Monday, February 25, 2013

Career Blindness


A Night in the Warehouse is about blindness, yours and mine.  So far I've been sharing my own peculiar insights into things others seem to miss.  Today I am sharing an epiphany most of you never needed to have.

Fifteen years ago, over a decade into my so-called career, I was asked a terrible question for the first time. “What do you want out of your career,” was the question, and it threw me. At that time I'd had three other jobs and been laid off en masse three times. Starting in 1991 I had put my identity into a startup company called “Worldshop” where we were inventing on-line shopping as we know it today, worked 90+ hours a week, and been paid $140 for the last six months' work... three years after the bankruptcy lawyers took their $300,000. I would not again make the mistake of confusing who I was with what I did. Of course, with that change came a lack of understanding of what a “career” is. All I had left was a series of jobs. Make no mistake, most of my jobs have been good jobs where I could make a real difference. These were jobs where it mattered that it was me doing them. Life was good, and so was work.

“What do you want from your career?” The question stuck in my mind like a beach in a gearbox. I knew I had to answer, quickly, so I answered with what I wanted out of work: a chance to learn, to apply and improve my talents, create new things that people like to use, and most importantly make a real difference: I want it to matter that it's me doing it, that my particular set of skills and talents matter. That's all well and good, but it's incomplete.

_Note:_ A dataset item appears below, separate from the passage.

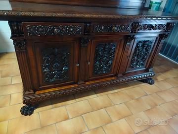 Credenza in legno massello,qualche imperfezione come si può vedere in foto ma facilmente ripristinabile. Stile barocco dell'800/900. Fatta a mano da artigiano
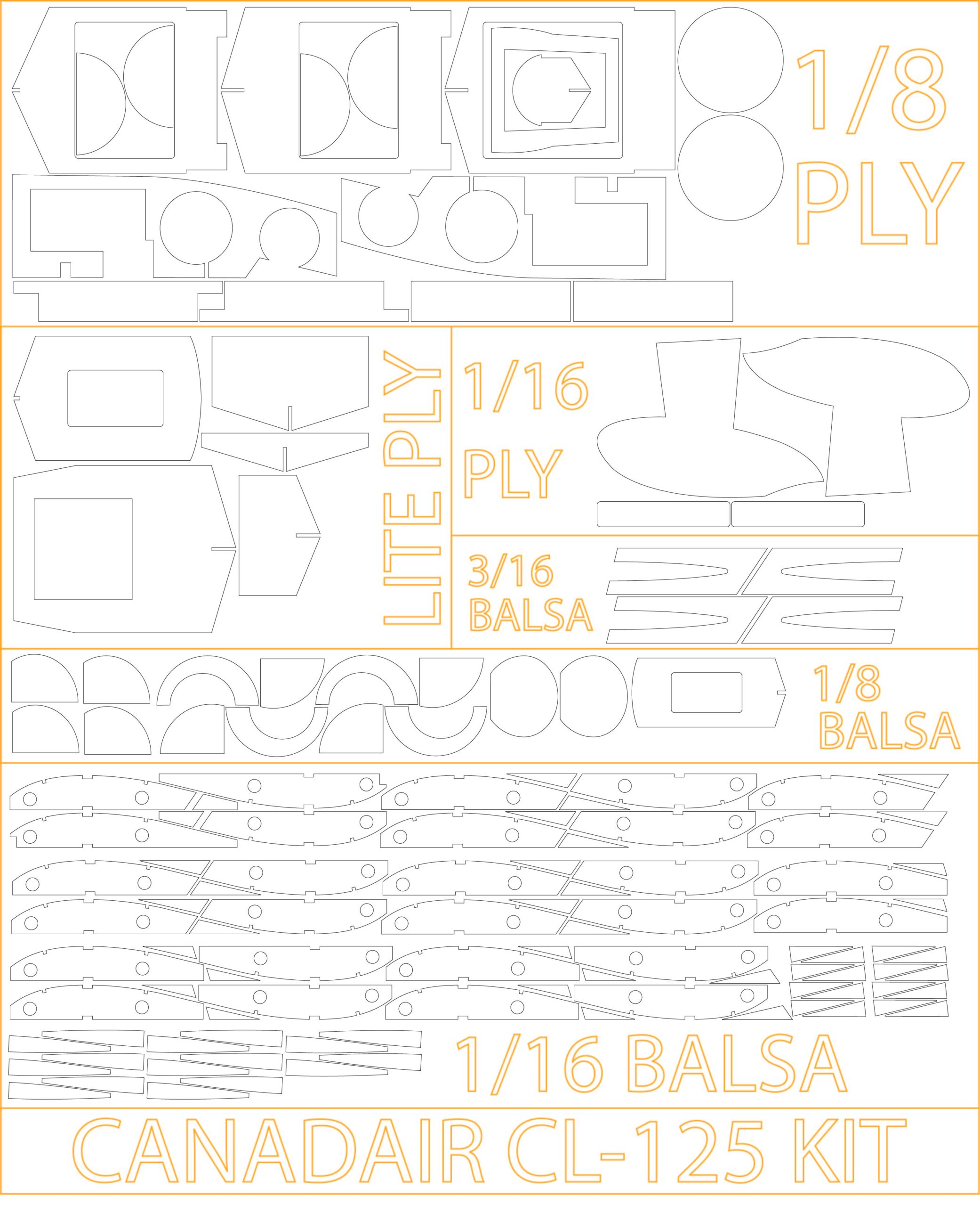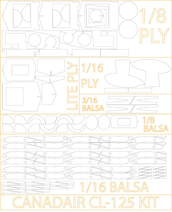 This kit includes ribs, fin parts, nacelle parts, fuselage formers. It’s basically the same kind of thing you get with the other short kits, except it doesn’t include fuselage sides. These are just giant sheets of balsa, mostly square, and the only thing they do for you is increase shipping charges to Canada, which is where I always send this kit. Go ahead and cut these yourself. It’s easy because there are no curves.

I have taken the intervening 15 years to occasionally wonder exactly what is this “career” people speak of. In that time I've worked for multi-billion-dollar corporations, startups with a dozen people, and everything in between. I've worked with large, mediocre consulting/temp firms with names we all know, and great smaller ones like Technical Engineering Consultants (Ann Arbor, MI) and Eclipse Consulting (Portland, OR). I've worked in industries including manufacturing, financial services, insurance, public school administration, environmental health and safety, and medical. I've been an IT Manager, a paeon-for-hire viewed with suspicion, and revered almost as a god. The order of these things is essentially random: there's no logical progression.

None of this gave me any insight into what this “career” thing is. In my quarter decade of building good tools for others, I've rebuilt systems destroyed on 9/11 and saved many a skilled person's job of choice from being overcome by drudgeries no one else knew how to automate. Surely this is what a career is, yes?

No. Not entirely, anyway.

In all of this, with the exception of Worldshop and the day I started consulting, I had been taking jobs because I needed them. When it came time to negotiate rates, I have since learned that others ask for what they want while I only ask for what I need. I always ended up with less than I needed. Sure, I made a difference for others, even a big difference, but five years ago at age 45 my bank accounts were all overdrawn, my credit cards over limit, my gas tank ¼ full, and I had no income I could see. In fifteen days, bills would be coming due. In fifteen days I would have to file bankruptcy.

That day, a call came. Two days later a telephone interview, followed quickly by an on-site interview. I asked the headhunter to overnight me $100 so I could fill the tank and drive the 215 each way. Two decades into my “career” and I'm bumming gas money. The offer came immediately, as did a long-overdue check from a client that saved me from sleeping in my car in March.

I have always worked hard to do the best I could by others at every opportunity. What that yielded me was net assets of more than $30,000 to the negative. The last five years have been a long, slow, hard, beat to windward trying to get to where the loss of one paycheck won't bankrupt me. Progress has been made. At this rate I will be able to retire sometime around my 90th birthday. I don't like the area where I'm living. As for my job, I like the people and for several years enjoyed the work; but it's programming on mainframe-class machines for a multibillion-dollar company in the insurance industry. I don't get to be as creative as I can be, and when I do get the chance I get chastised for writing code that's too sophisticated for the others to read. My requests to teach advanced programming techniques fell on deaf ears. One of my equally-talented coworkers has also been criticized for using these techniques, despite the rave reviews his code receives from users and 75% reduction in the size of his code over that of others attempting the same things.

As a craftsman, I find this condition intolerable.

Yet even so it does seem to matter that it's me here. I should be happy, but I'm not, and this leads me to the epiphany I had yesterday: a career is what results from work when a person pursues the best interests of the group and himself. Looking back I see the heady days at Worldshop when I designed the entire system, built a team and we got it done. I see the difficult days at Penn Aluminum when I was brought in to turn around a dysfunctional IT department, and when the company set out to open a new manufacturing facility ours was the only department on schedule and anywhere near budget - we were under while some departments were as much as 300% over. I see those times when I started tasks I was not at the time qualified to finish, and finished them with style, courage, and skill. I see times when I fixed things no one else could, and in those times I took care of myself, too. That's what a career is, and though I don't have one now, I shall have one again.

1 comment:

  1. Hi, Im writing some university work specifically about the ethical considerations of working with Asperger's. Have you managed to publish your book yet?